- _Task prompt_
Exact copy, no pictures: return only the lines below from the line with "4、熊抱雪人:圆梦村溜冰场左侧房子后面,奖励是半根白蜡烛;" up to and including the line with "こちらは、12mm玉の赤瑪瑙".

- _Dataset_

• • • •

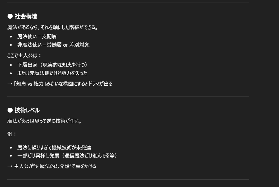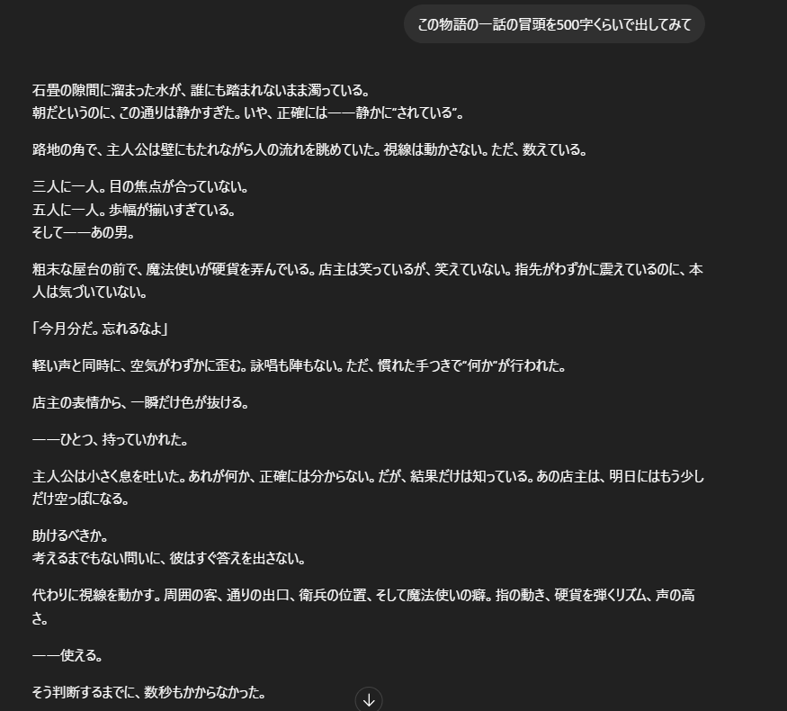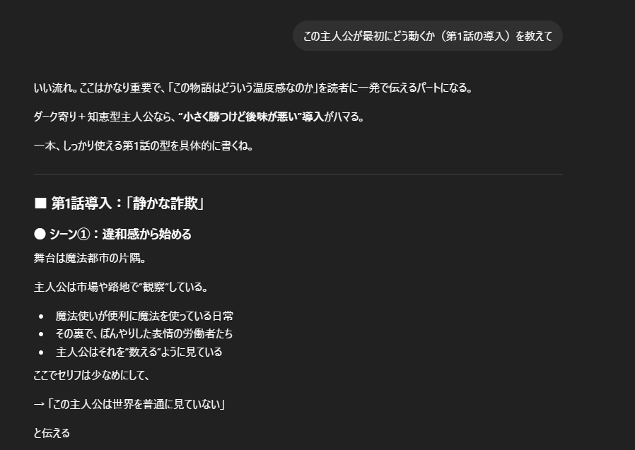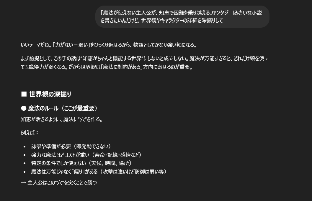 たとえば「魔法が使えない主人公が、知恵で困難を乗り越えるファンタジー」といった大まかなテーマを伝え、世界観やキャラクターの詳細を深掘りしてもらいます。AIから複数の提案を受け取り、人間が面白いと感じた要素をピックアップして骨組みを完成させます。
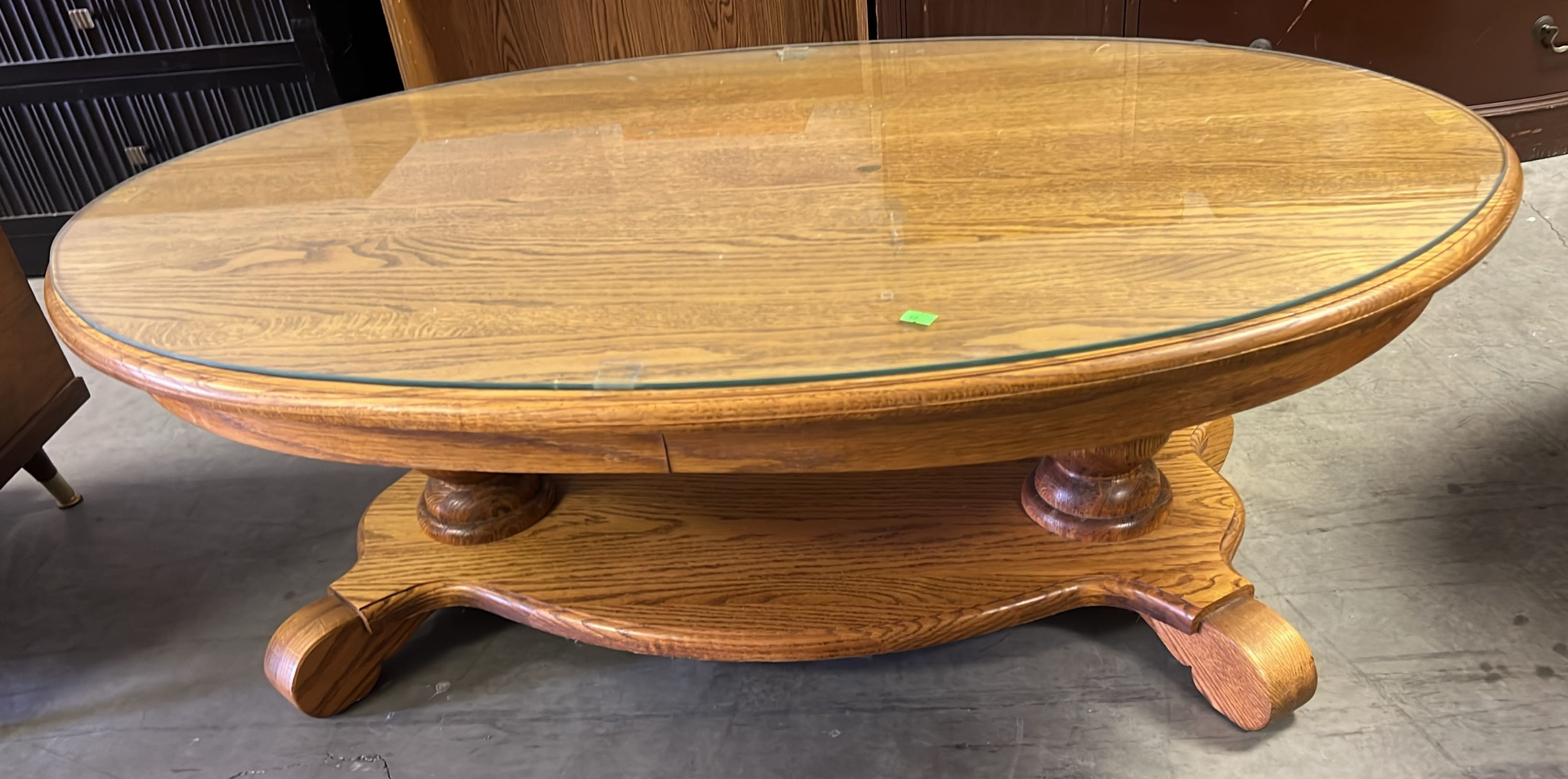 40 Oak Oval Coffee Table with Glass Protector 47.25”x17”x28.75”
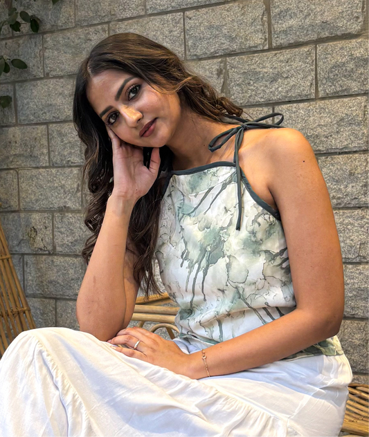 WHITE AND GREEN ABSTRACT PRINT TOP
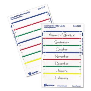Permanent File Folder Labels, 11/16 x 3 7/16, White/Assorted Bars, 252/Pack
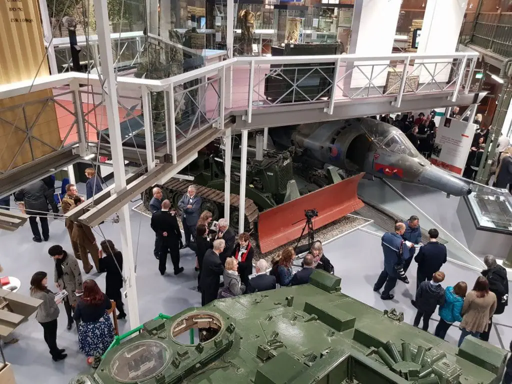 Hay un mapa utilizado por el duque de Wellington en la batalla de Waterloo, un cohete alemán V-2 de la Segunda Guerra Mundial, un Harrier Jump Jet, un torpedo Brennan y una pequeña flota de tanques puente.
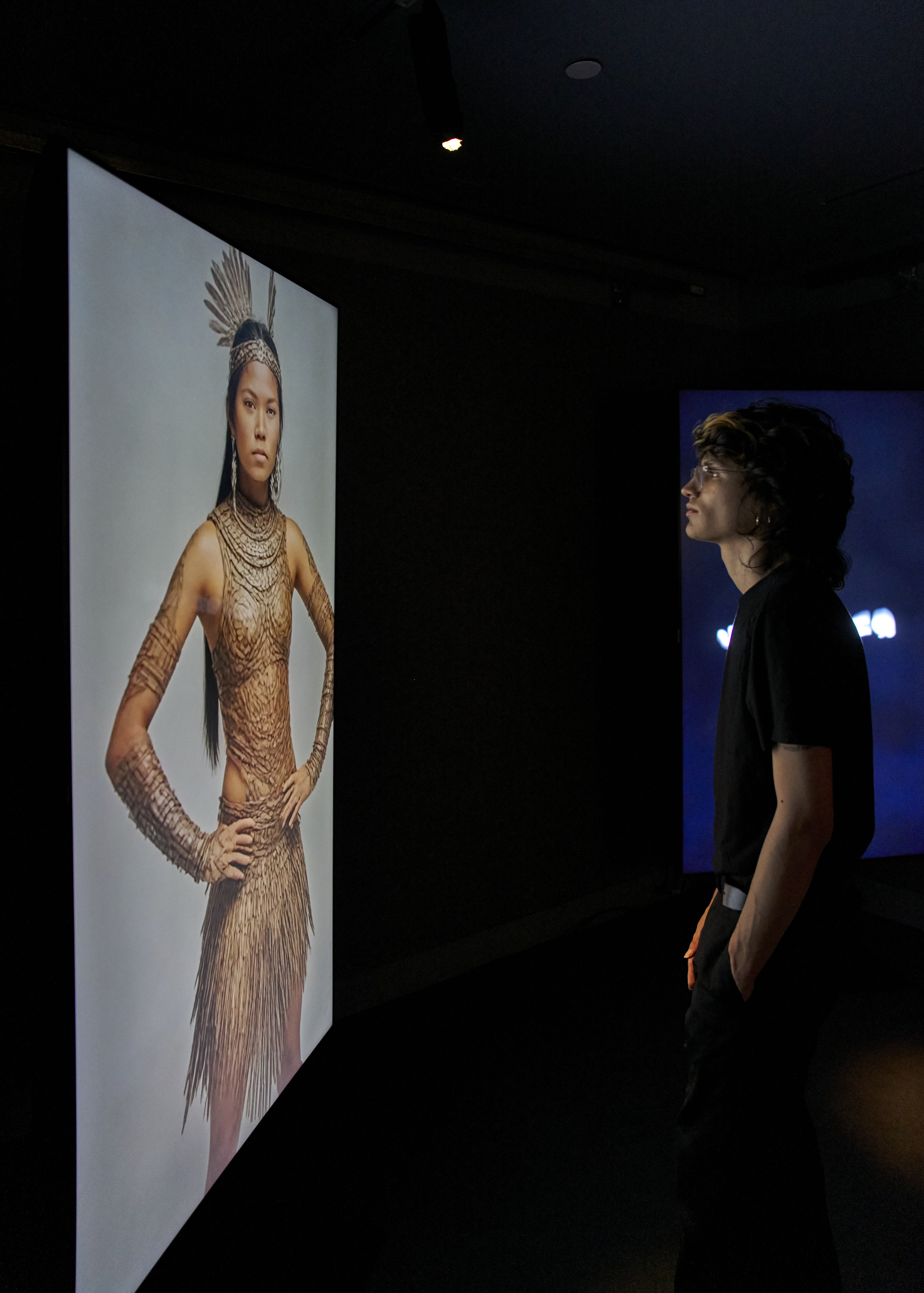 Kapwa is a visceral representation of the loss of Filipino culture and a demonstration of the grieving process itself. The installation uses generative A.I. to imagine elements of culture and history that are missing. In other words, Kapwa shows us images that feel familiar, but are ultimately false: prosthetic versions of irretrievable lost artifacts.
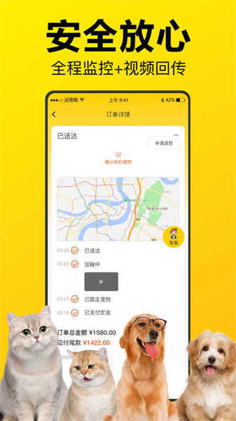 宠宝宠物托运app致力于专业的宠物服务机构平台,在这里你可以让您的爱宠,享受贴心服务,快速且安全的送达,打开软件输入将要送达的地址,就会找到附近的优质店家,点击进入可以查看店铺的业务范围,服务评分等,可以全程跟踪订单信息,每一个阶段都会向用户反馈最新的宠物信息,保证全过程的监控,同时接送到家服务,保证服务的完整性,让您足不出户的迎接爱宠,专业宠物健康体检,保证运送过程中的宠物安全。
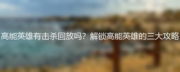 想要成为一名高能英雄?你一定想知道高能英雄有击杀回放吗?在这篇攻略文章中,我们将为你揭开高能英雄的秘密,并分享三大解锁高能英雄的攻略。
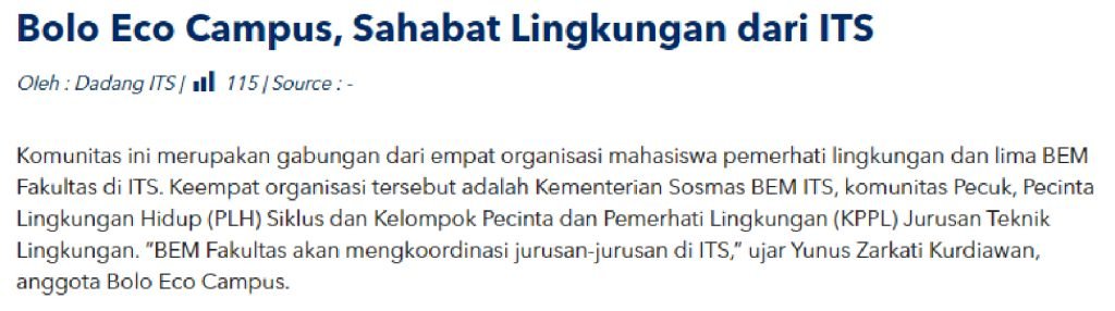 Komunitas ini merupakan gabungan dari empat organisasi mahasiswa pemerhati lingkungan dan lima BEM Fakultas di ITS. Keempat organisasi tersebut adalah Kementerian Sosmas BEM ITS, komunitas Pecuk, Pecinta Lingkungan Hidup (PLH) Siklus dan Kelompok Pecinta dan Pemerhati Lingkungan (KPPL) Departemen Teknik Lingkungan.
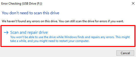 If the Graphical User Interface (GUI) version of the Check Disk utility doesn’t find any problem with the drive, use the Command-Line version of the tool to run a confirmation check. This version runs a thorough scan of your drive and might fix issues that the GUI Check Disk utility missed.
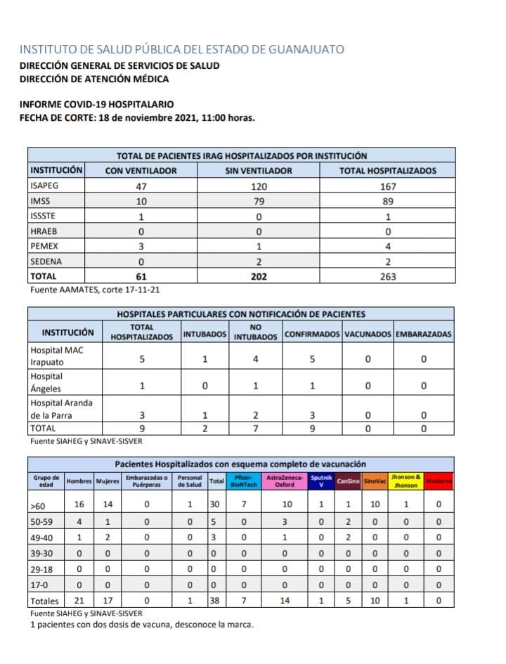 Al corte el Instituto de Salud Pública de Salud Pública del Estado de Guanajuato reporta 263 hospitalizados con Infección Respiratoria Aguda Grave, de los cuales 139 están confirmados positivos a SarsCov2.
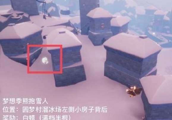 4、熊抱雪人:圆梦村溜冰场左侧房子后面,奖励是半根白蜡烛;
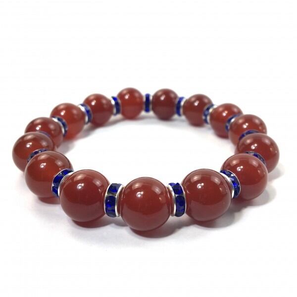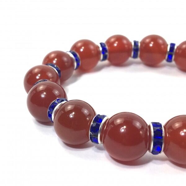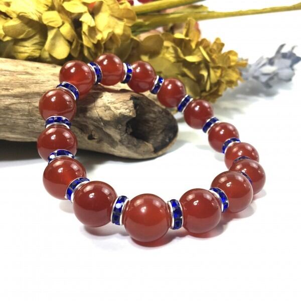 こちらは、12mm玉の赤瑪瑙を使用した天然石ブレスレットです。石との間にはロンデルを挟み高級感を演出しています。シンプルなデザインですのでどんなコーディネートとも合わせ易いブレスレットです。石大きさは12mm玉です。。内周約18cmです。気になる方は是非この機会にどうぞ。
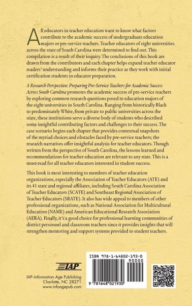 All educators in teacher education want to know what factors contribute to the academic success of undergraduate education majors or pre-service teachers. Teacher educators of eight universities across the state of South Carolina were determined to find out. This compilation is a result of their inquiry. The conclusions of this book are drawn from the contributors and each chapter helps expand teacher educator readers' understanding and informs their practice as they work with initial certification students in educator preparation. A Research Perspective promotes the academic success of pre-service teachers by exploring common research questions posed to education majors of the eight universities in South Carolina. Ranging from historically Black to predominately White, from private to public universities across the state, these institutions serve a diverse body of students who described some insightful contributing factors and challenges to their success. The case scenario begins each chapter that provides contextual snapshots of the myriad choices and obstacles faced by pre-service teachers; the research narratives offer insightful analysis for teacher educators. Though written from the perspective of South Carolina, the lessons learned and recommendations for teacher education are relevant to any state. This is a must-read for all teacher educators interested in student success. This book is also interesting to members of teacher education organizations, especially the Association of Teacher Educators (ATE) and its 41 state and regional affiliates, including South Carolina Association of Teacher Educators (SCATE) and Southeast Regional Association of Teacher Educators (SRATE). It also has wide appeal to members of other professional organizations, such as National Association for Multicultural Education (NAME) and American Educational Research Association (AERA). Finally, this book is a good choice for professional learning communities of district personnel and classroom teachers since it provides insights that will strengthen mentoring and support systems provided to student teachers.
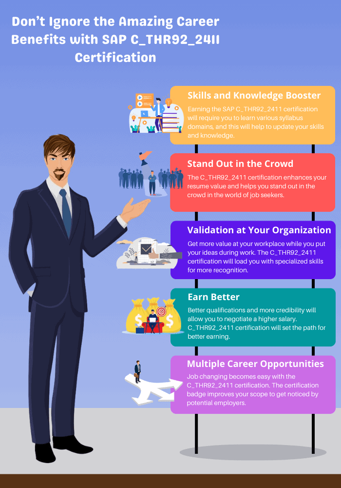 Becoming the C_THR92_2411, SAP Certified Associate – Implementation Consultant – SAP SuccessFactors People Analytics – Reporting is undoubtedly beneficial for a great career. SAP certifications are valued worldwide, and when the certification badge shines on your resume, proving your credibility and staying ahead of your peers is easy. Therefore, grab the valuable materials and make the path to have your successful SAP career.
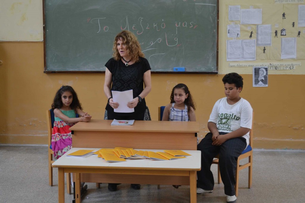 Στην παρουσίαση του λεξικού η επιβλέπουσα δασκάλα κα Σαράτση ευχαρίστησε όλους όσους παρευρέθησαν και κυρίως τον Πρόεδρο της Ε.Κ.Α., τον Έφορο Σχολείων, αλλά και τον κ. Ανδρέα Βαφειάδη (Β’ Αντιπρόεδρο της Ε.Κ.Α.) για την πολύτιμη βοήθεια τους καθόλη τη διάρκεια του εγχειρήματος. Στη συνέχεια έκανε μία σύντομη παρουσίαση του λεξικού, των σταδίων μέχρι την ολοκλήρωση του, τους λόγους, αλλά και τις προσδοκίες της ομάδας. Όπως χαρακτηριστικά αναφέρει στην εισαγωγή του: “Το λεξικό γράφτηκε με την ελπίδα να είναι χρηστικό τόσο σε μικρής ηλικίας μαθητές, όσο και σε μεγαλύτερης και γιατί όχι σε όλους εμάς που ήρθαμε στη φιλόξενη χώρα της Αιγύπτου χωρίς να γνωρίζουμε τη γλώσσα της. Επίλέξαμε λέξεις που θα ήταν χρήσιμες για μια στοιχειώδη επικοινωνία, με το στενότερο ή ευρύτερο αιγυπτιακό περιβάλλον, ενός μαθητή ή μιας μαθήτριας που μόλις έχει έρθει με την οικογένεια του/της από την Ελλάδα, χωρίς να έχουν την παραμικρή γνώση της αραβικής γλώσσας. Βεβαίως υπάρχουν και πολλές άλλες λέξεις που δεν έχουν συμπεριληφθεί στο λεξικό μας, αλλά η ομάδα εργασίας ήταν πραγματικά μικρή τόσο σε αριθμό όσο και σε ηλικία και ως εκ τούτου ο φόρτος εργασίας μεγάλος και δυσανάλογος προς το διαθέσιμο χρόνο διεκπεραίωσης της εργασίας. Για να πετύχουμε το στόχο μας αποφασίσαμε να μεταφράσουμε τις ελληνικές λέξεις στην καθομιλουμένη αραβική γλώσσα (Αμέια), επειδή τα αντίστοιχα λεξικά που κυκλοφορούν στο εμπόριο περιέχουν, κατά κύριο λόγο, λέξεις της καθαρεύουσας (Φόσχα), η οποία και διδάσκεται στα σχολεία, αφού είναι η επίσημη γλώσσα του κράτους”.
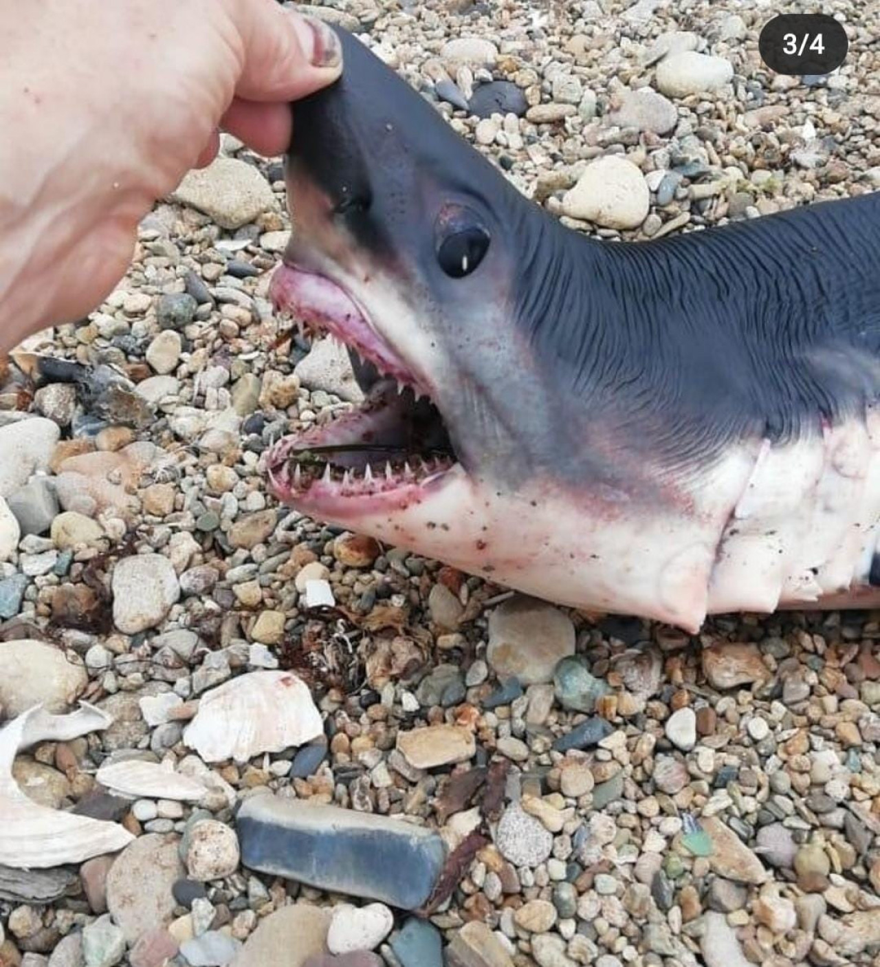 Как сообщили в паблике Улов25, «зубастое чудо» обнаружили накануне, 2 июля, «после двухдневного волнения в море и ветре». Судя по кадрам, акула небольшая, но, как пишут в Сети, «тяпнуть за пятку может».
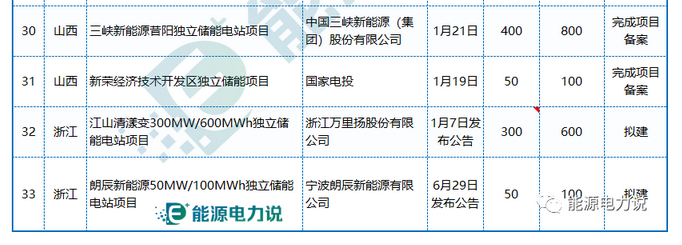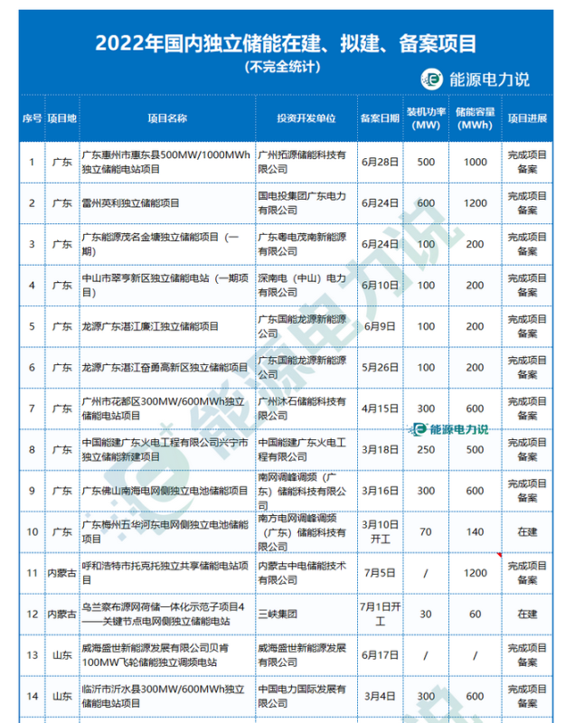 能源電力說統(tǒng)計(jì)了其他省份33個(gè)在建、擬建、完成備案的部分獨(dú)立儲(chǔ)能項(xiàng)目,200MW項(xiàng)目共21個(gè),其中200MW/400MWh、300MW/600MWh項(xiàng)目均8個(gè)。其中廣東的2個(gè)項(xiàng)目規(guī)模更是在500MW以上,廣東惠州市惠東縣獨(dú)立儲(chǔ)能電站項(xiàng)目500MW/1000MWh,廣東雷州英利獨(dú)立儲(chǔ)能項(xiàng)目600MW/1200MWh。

• • • •

- _Solution_
 4、熊抱雪人:圆梦村溜冰场左侧房子后面,奖励是半根白蜡烛;
 こちらは、12mm玉の赤瑪瑙を使用した天然石ブレスレットです。石との間にはロンデルを挟み高級感を演出しています。シンプルなデザインですのでどんなコーディネートとも合わせ易いブレスレットです。石大きさは12mm玉です。。内周約18cmです。気になる方は是非この機会にどうぞ。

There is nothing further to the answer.